Using the data available, the authors calculated the GARD for each patient treated with radiotherapy. Two patients receiving the same dose might have different GARD values, with the higher score indicating a tumor likely to be more sensitive to that treatment. The team asked how the therapeutic benefit of radiation was forecast by a higher GARD score as compared to that predicted by a higher received dose. In a hazard model where values above 1.0 indicate an association with worse outcome and those below 1.0 refer to an association with a better outcome in treated patients, they found that a higher GARD score was significantly associated with better clinical results, with a relative hazard of 0.98 per unit GARD for time to first recurrence and 0.97 for overall survival over the time period reported by each study. Using the same hazard model, the prescribed dose showed values of 0.99 and 1.0, respectively.   

In addition to calculating GARD for those treated with radiation, authors calculated a sham GARD for those who did not receive radiotherapy; the calculation assumed a standard dose given to patients. The sham GARD serves as a control, explains Torres-Roca. If the expression of the genes assessed with the RSI has an effect on outcome that is independent of radiation treatment, then both the GARD and the sham GARD values would yield predictions with similar accuracy. But GARD was only accurate in predicting the outcomes of patients treated with radiation. Thus, “GARD is not just distinguishing good and bad tumors; it’s actually distinguishing the therapeutic impact of radiation,” says Torres-Roca. He and other authors on the paper have licensed RSI and GARD to Cvergenx, a company he cofounded. 

Next steps 

Melvin Chua, a clinician scientist at the National Cancer Centre Singapore who was not involved in the study, says he finds the results underwhelming. The difference between how well GARD and the received dose alone predict clinical outcome is small, he says, and it could be driven by a few of the analyzed cohorts. For instance, two of the included clinical studies with the highest association between GARD and overall survival involved only 10 and 55 patients, respectively. He says that whether GARD predicts clinical outcome is still an open question. “Ultimately, like any molecular assay to be used in the clinic, GARD has to withstand the rigors of a prospective clinical trial,” he adds.  

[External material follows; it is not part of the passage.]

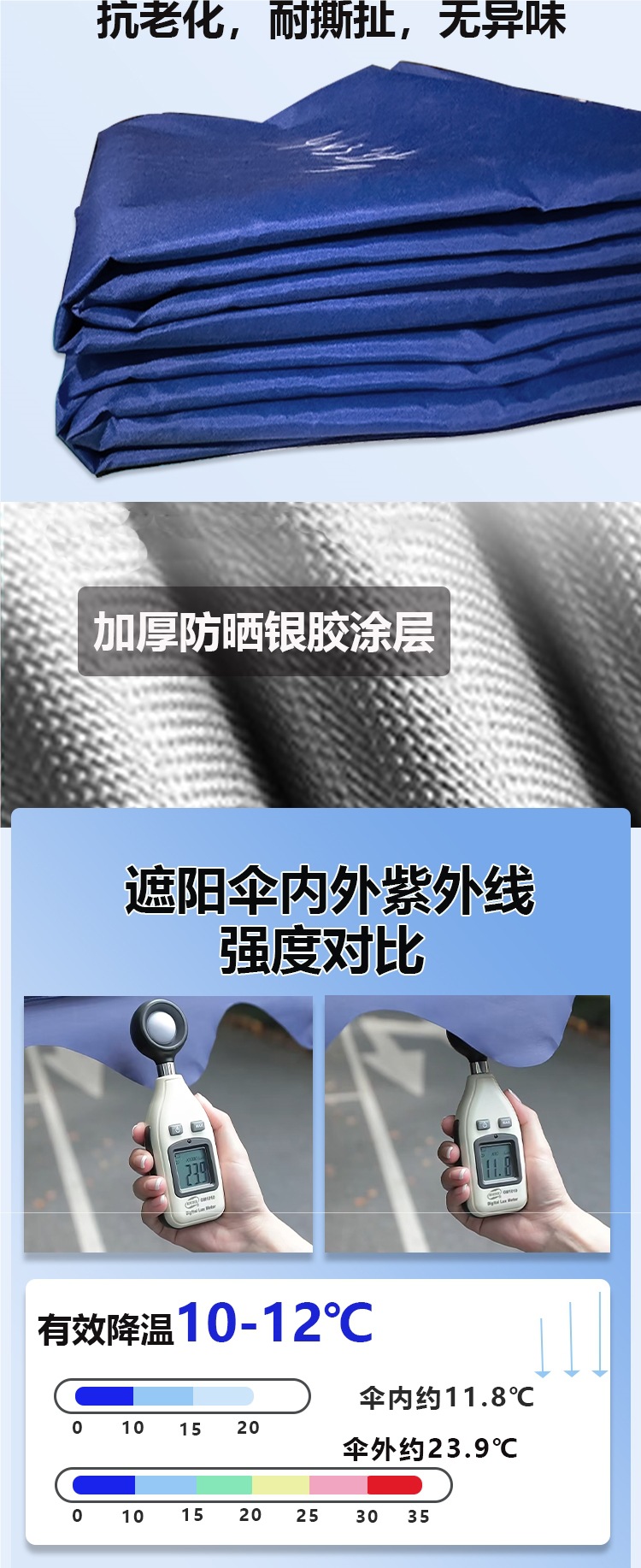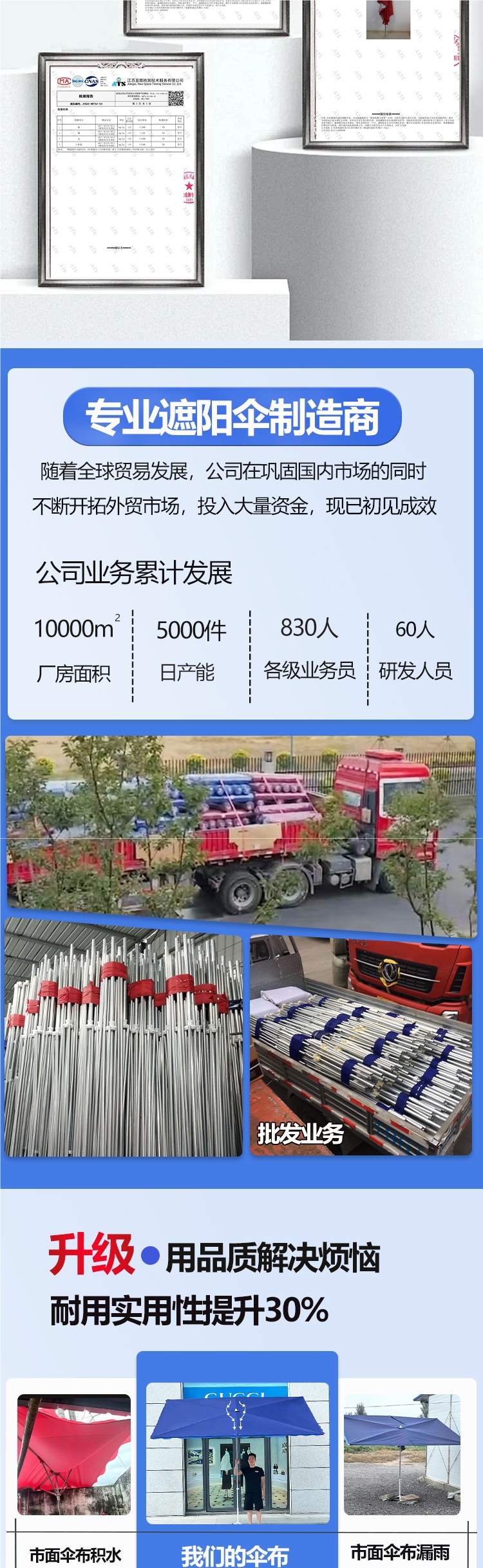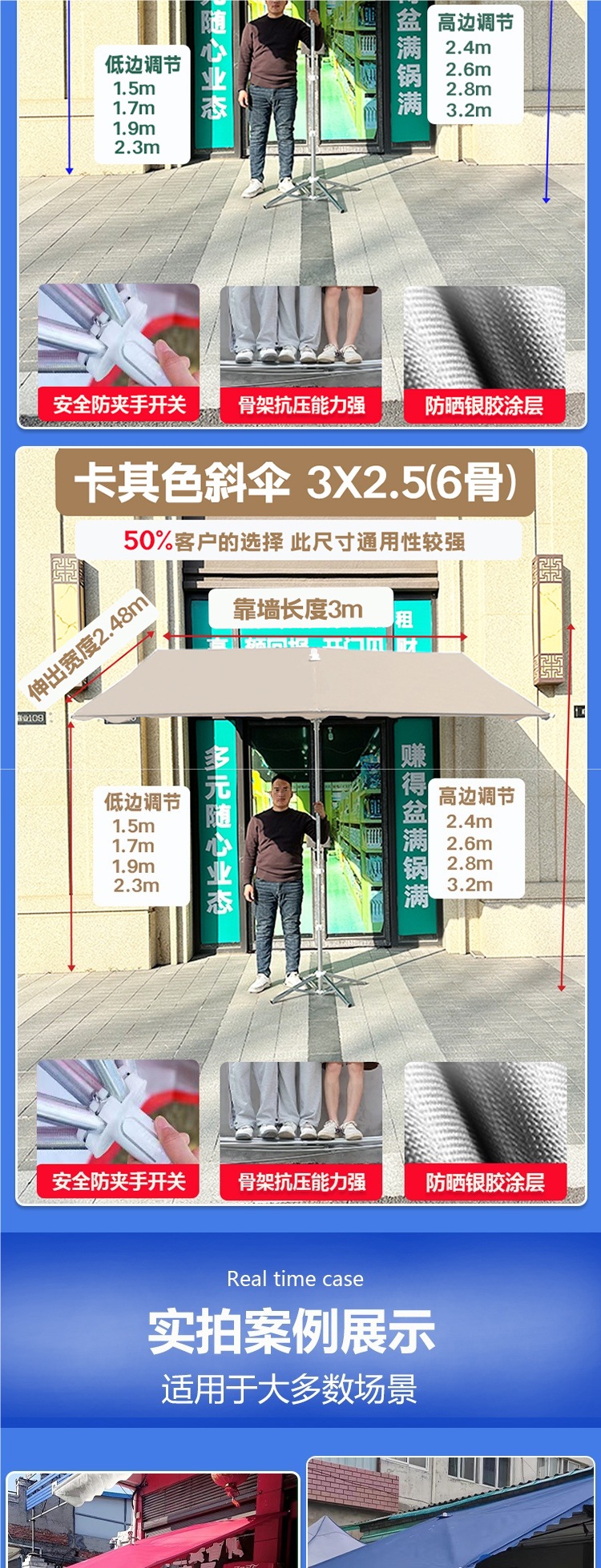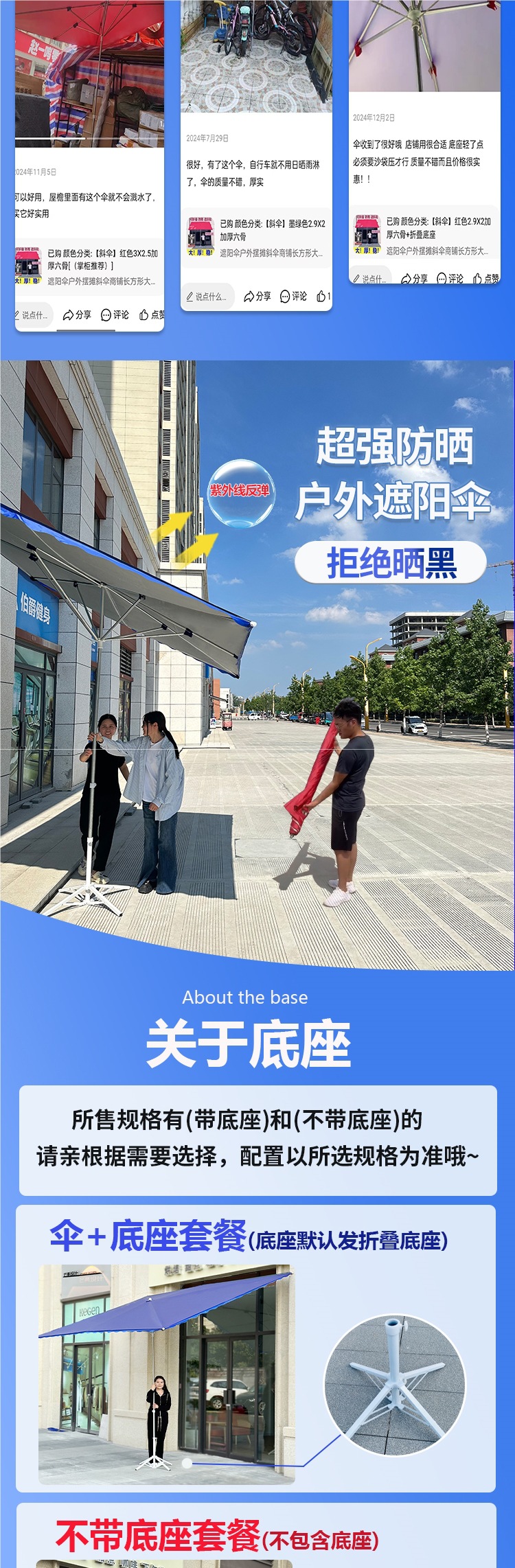 • ([경사우산] 블루 3X2.5 두꺼운 6개 갈비 + 접이식 베이스 (점주 추천))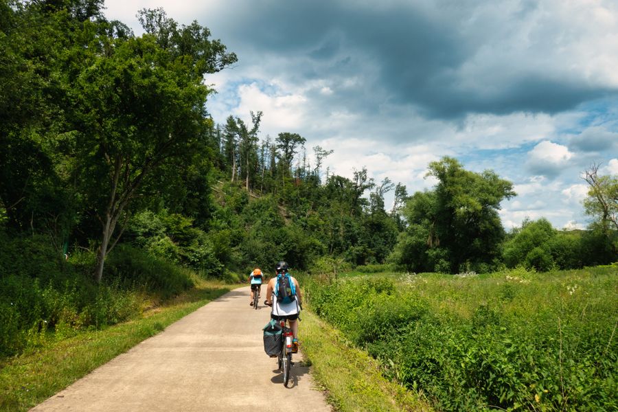 Our path continues past Moestroff and Gilsdorf to Diekirch. The bike path takes us through the southern district of the Sauer. Diekirch has a nice small pedestrian zone with several restaurants, bars, and terraces. Along the riverbank, we continue to Ingeldorf, where we cross the river and ride a stretch along the northern bank before crossing to the other side to Ettelbrück. We follow the signs of PC16, which leads us along the riverbank to the sports center. Here PC16 ends and transitions into PC15, the bike path that takes us along the Alzette riverbank to Luxembourg City. This bike path mostly follows the railway line, so you can also simply change to the train towards Luxembourg City. We take the bridge over the river and are now back on a bike path that leads along the railway tracks from Mersch to Lintgen. The route is well signposted at all times, so we can follow it to Walferdange. In Walferdange, we reach "Rue de l'Eglise," where we turn right, which then becomes Rue Henri Dunant. We come to the sports field of FC Avenir Beggen, where we meet PC1 (turn left at the first intersection after the sports field). We turn right and go straight along the railway tracks until we reach Dommeldange. We pass the train station and follow the signs "Luxembourg-Grund." The route goes through Lavals Park, at the end of which we turn right and left onto the marked "bicycle street." At the end, in the Pfaffenthal district, is the panoramic elevator, which cyclists can also use. This takes you quickly right into the center of Luxembourg City. To reach the district Grund (Gronn), you ride from Pfaffenthal through rue "Sosthène Weis" (also a bicycle street), which takes you under the castle bridge back to the starting point of the tour.

According to Appelt, one of the main limitations of this pooled analysis is that it “is all done on retrospective data” and on patient cohorts whose treatment was not randomized. Thus, it is possible that GARD’s apparently good performance in the study could be driven by other unknown factors and not by GARD itself. The authors “have done very robust statistical analyses to try to account for this, which makes the results promising,” she says, but they need to do a similar analysis with data from randomized studies and, ultimately, perform a prospective trial. If GARD’s usefulness is validated in those scenarios, she adds, “this could fundamentally change how we prescribe radiotherapy and could have a significant impact on outcome in cancer patients.” 

Torres-Roca agrees that “a randomized trial would be the gold standard to demonstrate the predictive value of RSI.” His team has plans to soon start clinical trials to test the effectiveness of GARD in pinpointing the radiation doses that patients should receive. Those are not planned to be randomized, but he says he foresees randomized studies coming after that.  

Woodward says that she “would absolutely support the development of a clinical trial to either demonstrate that [GARD] works or that it doesn’t.”  Moreover, she notes, “this isn’t the only potentially predictive radiosensitivity assay out there, and the right thing to do is to design a trial where you can test them all.” 

Clarification (August 30): The paragraph on relative hazards calculated in the study has been revised to clarify that the values stated for GARD are per unit GARD.